I felt Quil's head turn toward mine, worried at my silence I'd imagine, when there was a knock at the door. He immediately scooted a few inches away.
Robert amusedly shook his head, "Quil, I'm her stepdad, not stupid. Her mom isn't with me. Don't worry." Smirking slightly, he nodded at me, "Resume the position."
I laughed at that and snuggled into his side more. Robert actually seemed more comfortable after we were again. He stepped further into the room. "We're going home now. She's going to leave you be, Claire. I don't know everything, but I think she just wants to move on. I think this is the last straw. You're beyond her reach."

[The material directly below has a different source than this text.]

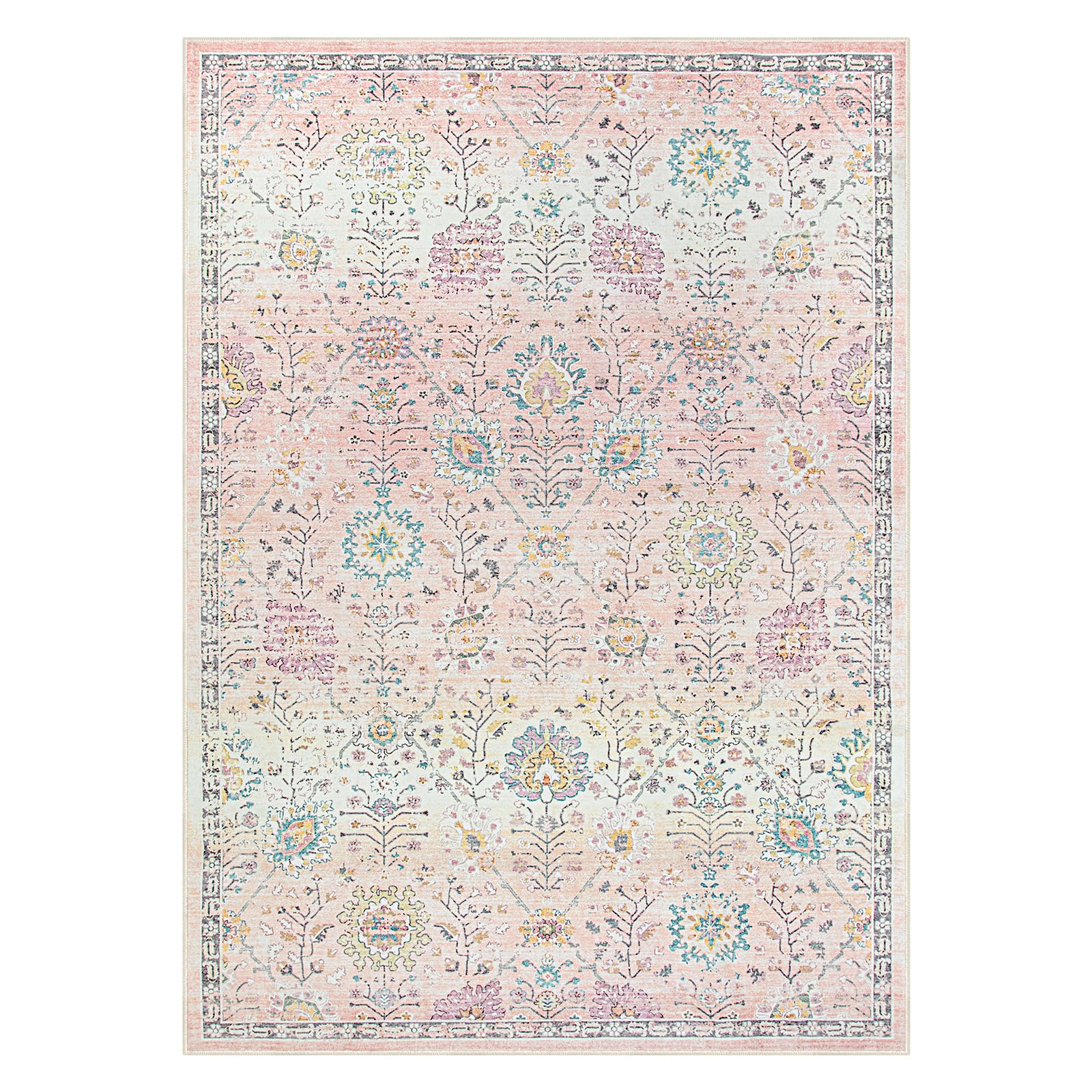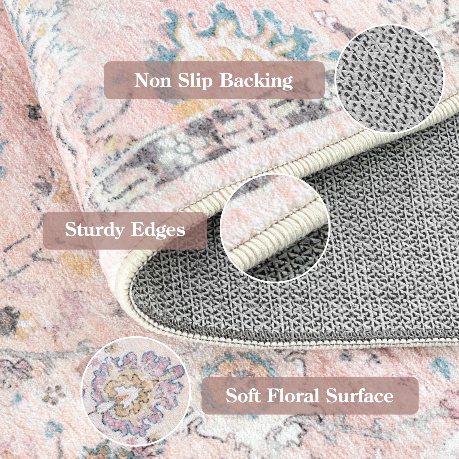 Pink Boho Area Rug, 5x7 Pink Rugs for Bedroom Girls Large Living Room Area Rugs Soft

I nodded. I understood the feeling when it was associated with her. The only thing more painful than hating her so much was realizing just how much she returned the feeling to me. I suddenly wished we could go back and have a different relationship…although, that would mean probably not meeting Quil.
Life did weird things. Some things sucked but they led to great, life changing things. I think I was okay with going with the flow and finding out what happened, now that I had Quil. I smiled up at him suddenly at my thoughts and kissed him on the cheek.
This seemed to make Robert happy. He understood my mom and I probably were never going to have that suburbia mom-daughter relationship. He was just happy I had someone to be with me and love me. He walked closer and I rose and gave him a genuine hug. I was lucky to have him. He kissed my temple with a smile, "Come home for Christmas sometime, though. Bring him, too."
He shook Quil's hand and then said good-bye.
As the door closed and I let out a contented sigh with my arms wrapped around Quil's middle, he looked at me with clear bewilderment. Suddenly giggling, I grinned up at him, "Think you can deal with one of your girlfriend's parents hating you?"
He grinned back down at me, "If you can."
"We'll see," I teased before finding myself being mercilessly tickled. "Quil! Quil, stop it!"
He just laughed and I loved him anyways.